Mein Mann hatte sich nur kurz einen Kaffee gemacht. Blöder Fehler.

Sunny fand Jürgens Stuhl einfach wunderbar. Der Versuch, die Katze vom Stuhl zu heben schlug fehl. Sie drehte sich auf dem Absatz um und legte sich wieder auf den Stuhl.

Tja, was soll ich sagen… Jürgen verbrachte den restlichen Abend vorm PC auf ‘nem Holzstuhl und arbeitete. Brummend wohl gemerkt.

So gingen die Tage ins Land.

Obwohl uns Sunnys Kastration + Impfung (welche der Katzenschutzbund übernahm) um zwei Tage zurückwarf, erlebten wir Tag um Tag immer neue Fortschritte bei Sunny.

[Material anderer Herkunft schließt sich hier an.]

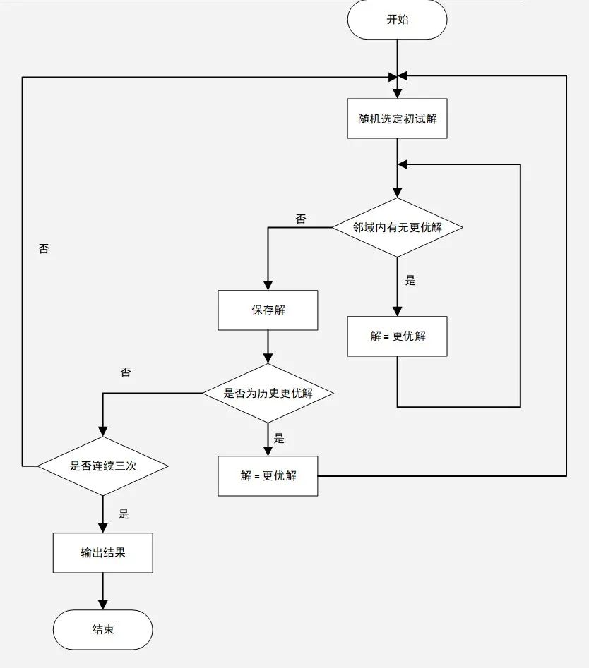 算法是在爬山算法的基础上运行多次,直到连续三次收敛到的局部最优解都不比之前搜索到的最优解更优,则结束搜索,并认为当前最优解即是我们需要的最优解。

Heute, nach nur acht Wochen seit ihrer Ankunft bei uns, versteckt sie sich gar nicht mehr. Sie bewegt sich in der ganzen Wohnung völlig sicher. Meine beiden großen Kinder haben sie mittlerweile auch ins Herz geschlossen. Die anfänglichen Startschwierigkeiten sind vergessen.

Wir dürfen sie, wenn auch nur kurz, auf den Arm nehmen. Vor ein paar Tagen hielt sie mir sogar ihr Bäuchlein zum Streicheln hin. Sie "spricht" mit uns, legt sich zu uns und kommt wenn wir sie rufen.

Sie wird wohl nie ganz vergessen, wie übel man ihr fast zwei Jahre mitgespielt hat. Wenn ich sie so sehe, so klein und zerbrechlich, mag ich gar nicht daran denken, wie man sie vor Wände geschlagen hat. Wie kann man Tieren so etwas zufügen ?

Wenn Sunny uns irgendwann verlassen wird, werden wir um sie weinen. Sie erhellt unser Leben mit Sonne. Sie bringt uns zum Lachen und gibt uns Ruhe. Sie wird uns fehlen, uns allen.

Hey, seien sie nicht traurig. Ich sagte irgendwann….

Ach ja, der Schwur.

Wissen sie, manchmal muss man Schwüre auch brechen dürfen...

Alexandra

Ps.: Ein großes Lob geht an meine Tochter Gillian die, obwohl sie sich mit Sunny am Ende selbst belohnte, Mut und Herz bewiesen hat. Wir sind mächtig stolz auf sie.

Pps.: Ein großes Dankeschön an Gaby vom Katzenschutzbund. Ohne sie wäre diese Geschichte vielleicht ganz anders ausgegangen.